The utilisation of the lift phenomena can show up in unexpected places. There is not a helicopter pilot in the world who doesn't under stand what the phrase "running out of pedal" means. For the incognisant it is when the pilot has demanded a level of power from the main rotor that the tail rotor is unable to counter, so the helo begins an uncontrollable yaw. The pilots of UH-1C gunships flown in Vietnam didn't have the power to sustain a prolonged hover when loaded for bear. To get from the revetment to the runway involved a series of jumps. Pilot would pull into the hover and start hover taxiing, the rotor would begin to bleed RPM, when reaching the point that you ran out of pedal, chop the throttle, thus regaining pedal control, perform a hovering autorotation, wind throttle back on after landing, rinse and repeat. On reaching the runway a running take off would be made, at times the two back seat crew would run along side to ease the load and jump back on board when the aircraft reached translational lift. An enterprising individual some where realised that the rotor wash passing over the tail boom generated lift in a horizontal direction and could be tailored to aid the tail rotor. Strakes fitted to the side of the tail boom trip the airflow into turbulence, effectively stalling that side of the tail boom. Now standard fit on some types.

PS: Just after we left the UH-1C was upgraded to UH-1M standard by simply replacing T53-11 engine with the T53-13, bliss, you could hover.


https://cimg2.ibsrv.net/gimg/pprune....9847a9adaf.png

Now, how do we keep this thread running forever, just getting better and better ?

Good stuff Megan.

While I was doing the slat trick on the B737, I got asked to help a UH-1H/T700 that was doing some interesting work over water, at low speed, and with one very large mass appended at the end of the sling. The guys were having some excitement when operating below ETL, at high power, lots of barf bags needed, and expensive splashes were issues... lots of torque, same ol' TR system... I had previously done some testing on a B206BIII and an OH58 with different blades... and they had been able to come and see what we were doing on wings and props. The UH1 with the big donk gets lots of available torque, but the TR is standard. We placed a mod on the MRB LE and that worked well, but they wanted as much TR authority as could be gained. While i have modded TRBs before, I expected that they would get enough out of 2 foam rubber strips on the port side of the boom, at the 7 and 10 positions, and a couple of rows of foam rubber VGs on the RHS. The 3 remaining options, tabbing the MRB, putting CVGs on the TRB and tabbing the TRB were not needed.

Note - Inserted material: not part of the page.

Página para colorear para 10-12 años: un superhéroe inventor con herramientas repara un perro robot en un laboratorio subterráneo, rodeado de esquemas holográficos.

The trick with tabbing a propeller, rotor or fan blade is doing that and not killing yourself at the same time. Most of the outcome is benign, remarkably so, but I recall being taught that adding mass to a TE could define bad days, and having half a dozen torsion and bending modes happening seemed like a bit of an issue to put anything in there that would alter the moment of inertia of the area with some of the highest strains... seemed like a good way to cause a super quick failure of the skins, or to cause the bonding to fail instantly, or to have the tab blow apart, or all 3 options. Upside was that fluids don't care what a device is made of, just if it will cause the desired flow modification, and for most tabs, that's a set of 3 transverse vortices and a couple of stagnation points. 30+ years on props gave some confidence on the rotor to try that out, and golly, if it isn't quite an interesting outcome.

While rotors suck as far as dynamic stall effects go, they really do, they are also rather sensitive to the addition of any disruption to the boundary layer, which just doesn't seem fair; there is no silver lining. Nevertheless, things can be improved, although lordy, the Enstrom and its 0015 section is darn hard to make happier in the hover without getting serious. Still, a rotor head that permits you to take your hands off the cyclic and fold them has some drawcards. Don't try that on an R-22...

anyway,

for some background, for a certain Brand X rotor, a vanilla 63105 club, the following are recorded data outcomes... It is consistent with the 2 D RANS CFD analysis done well before and published in AIAA J. Aircraft, and is also consistent with an EN done in early '90s (IIRC) looking at the BO-105 MR in autorotation, and certain modifications to same; using Wayne Johnsons CAMRAD II code.

Putting a tape on the LE increases the stall Nr of the blade, and takes more ergs to hover. Representative stall clean at 82%, 68 units of torque, add tape to the last 3 ft of the blade, and the stall Nr goes to 85%, and torque to 72u.
Place a conformal VG tape (a weird variant of a zig-zag tape although doing a different resultant flow...) on the same location, and the stall drops to 77%, and torque goes to 65u... add 3 feet of tab mid-span, and the stall Ne goes to 68%, and (seriously) the torque drops to... 34u. that is thirty-four, relative to a NACA clean section, 68... Look closely at the effect of an LET and it can be seen that the outcome is geometry dependent, a matter that caused major delays with development of LETs anywhere on planes, but in the right spot, it is possible to both get massive changes to drag at the same time as lift gets a large boost, of around 0.4 to 0.6 CL. Works on props, works on rotors, and it worked on the static test of the fan blade. LETs can impact the trim condition for auto rotation, and that was, without doubt, the most concerning flight that I ever flew, and that did include a parachute and a means to remove blades and not heads from the helo.... In comparison, playing with props and fans is much less exciting.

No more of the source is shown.